Книга Валентиныч и его воображаемые читатели - Леонид Шевченко
Шрифт:
Интервал:
Закладка:
После этого вскоре всё и началось. Началось тогда, когда я, поев и взяв с собой тарелку, пошёл на кухню и открыл ногой дверь. В этот момент тарелка, сама собой подпрыгнув в руках, упала на пол. И тут необходимо заметить, что слово «дребезги» в данном случае – отнюдь не то слово, которым можно охарактеризовать произошедшее в полном объёме. Тарелка разбилась буквально на миллиард маленьких кубиков и ещё несколько десятков мельчайших длинных и острых осколков. Натурально, стеклянные кубики по всей кухне, по полу! Причём, разных цветов, потому что тарелка была трёхцветная – жёлтого, синего и красного колора. Просто феерия настоящая, праздник современного искусства!
И вот в результате вместо чинного и вдумчивого просмотра шедевра порнографической культуры Валентиныч был вынужден ползать по полу кухни и собирать кубики. Мопс, разумеется, был сразу торжественно выдворен в комнату, потому что, по его мнению, кубики – это как раз то, чего не хватает молодому растущему собачьему организму.
А я ползал по полу. Сначала с тряпкой. Потом с пылесосом. Потом снова с тряпкой. И ещё раз с пылесосом, потому что выяснилось, что не все мельчайшие острые осколки удалось обнаружить с первого раза, и если к своим заскорузлым ногам я ещё мог относиться философски, хотя всё равно волновался и ругался, когда извлекал из них стекло, то за мопса, который, упаси-боже, своим любопытным собачьим носом обязательно обшарит все кухонные углы, переживал несоизмеримо сильнее. Очень переживал. Жалко ж неразумную, хотя и откровенно сволочную зверюшку!
К слову сказать, в процессе вытирания пола тряпкой меня ещё и пылесос напугал. Я его в угол поставил, а потом, когда мимо него проползал, он на меня – как прыгнул! В смысле, на меня упала его труба со шлангом. Я испугался в тот момент так, что аж подпрыгнул сантиметров на 80 прямо с четверенек. И даже сказал волшебное слово «йоптвоюмать», которое, правда, скорее всего, на пылесос никакого воздействия не оказало по причине отсутствия матери в его роду, как таковой.

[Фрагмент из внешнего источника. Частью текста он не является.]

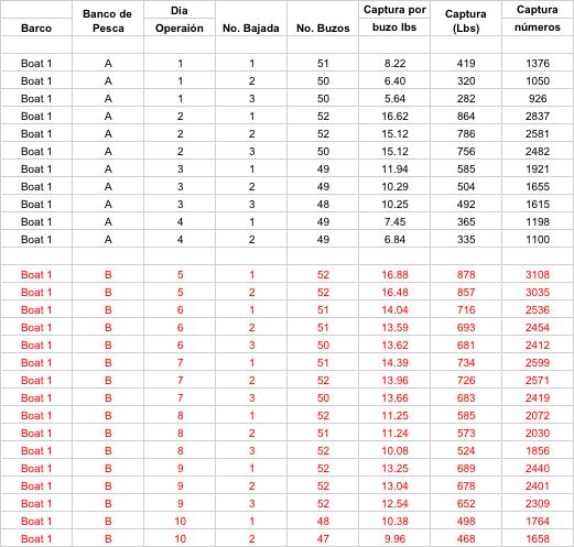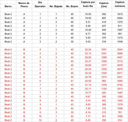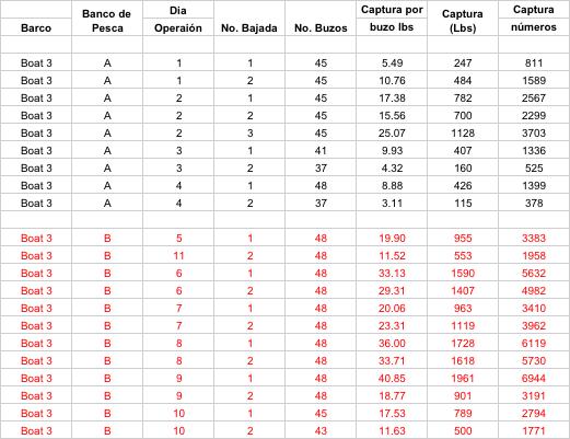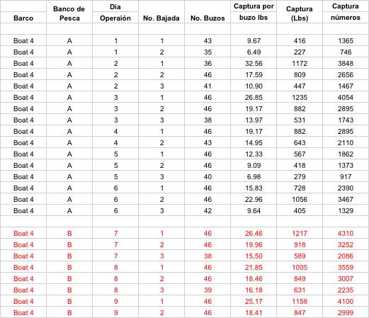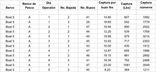 La información sobre los procesos y resultados de la pesca recabada desde las anotaciones de los capitanes y que debieron haber sido digitalizadas en las oficinas de pesca deberían tener un contenido y formato aproximadamente como el que se presenta en el Apéndice III, que representan datos reales obtenidos de la manera y formas descritas hasta aquí. Desde aquellos datos se aprecia que se realizaron operaciones de pesca significativamente diferentes en cuanto se refiere al esfuerzo de pesca. Se observa, por ejemplo, que el número de bajadas de buzos por día de pesca (cada línea en el Apéndice III) varió entre los barcos y dentro de cada barco (esto es, dos a tres salidas diarias) mientras que el número efectivo de días totales de pesca fue muy similar en los barcos que operaron en los dos bancos y que fue de 10 días para los barcos 1, 2 y 3, y de 9 días para el barco 4. En el caso del barco 5 operó 8 días en un solo banco de pesca. Dichos tiempos estarían definidos en gran parte por la capacidad de buceo de la tripulación de pescadores, el avituallamiento para mantener tripulaciones tan numerosas, y la carga acumulada del producto de la pesca que justifica económicamente cada uno de los viajes de pesca.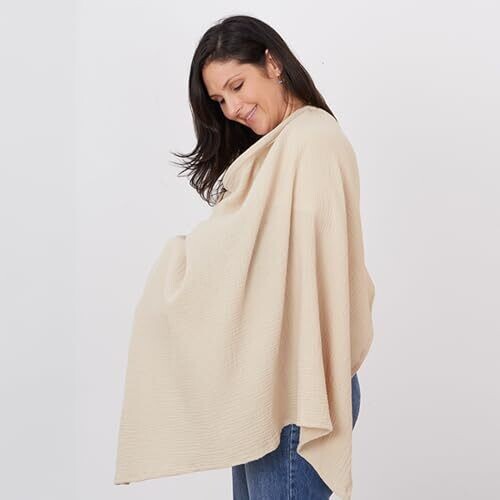 • Soft, breathable muslin nursing cover designed for comfortable on-the-go breastfeeding.

Впрочем, если упомянутая весёлая шутка принадлежала не самому пылесосу, а тому домовому, который у меня живёт, то на него неподцензурная фраза, насколько я владею информацией, должна повлиять. Потому-то все дальнейшие невзгоды того вечера исходили уже не от него. Правильно – я его обматерил, он и спрятался. Всегда теперь буду его материть. А то ишь – думает, что если я к его ночным хлопкам в ладоши привык и даже уже не реагирую на них (и вообще, уже начинаю подозревать, что означенные хлопки издаёт остывающий кинескоп доисторического телевизора – во всяком случае, геолокационно звук откуда-то из того угла исходит), так теперь надо что-то новое придумывать? Фигу, дорогой хозяин дома. Я понимаю, тебе за питомца обидно – что он целый день дома сидит, скучает, а вечером я ещё и ругаю его за то, что он мешает мне отдыхать, отчего собачья жизнь подопытного зверька и вовсе превращается в сплошную полосу невезения – совсем как у его хозяина. Понимаю. Но зачем же так радикально – тарелки из рук разбрасывать и пылесосами пугать? У, злодейское существо!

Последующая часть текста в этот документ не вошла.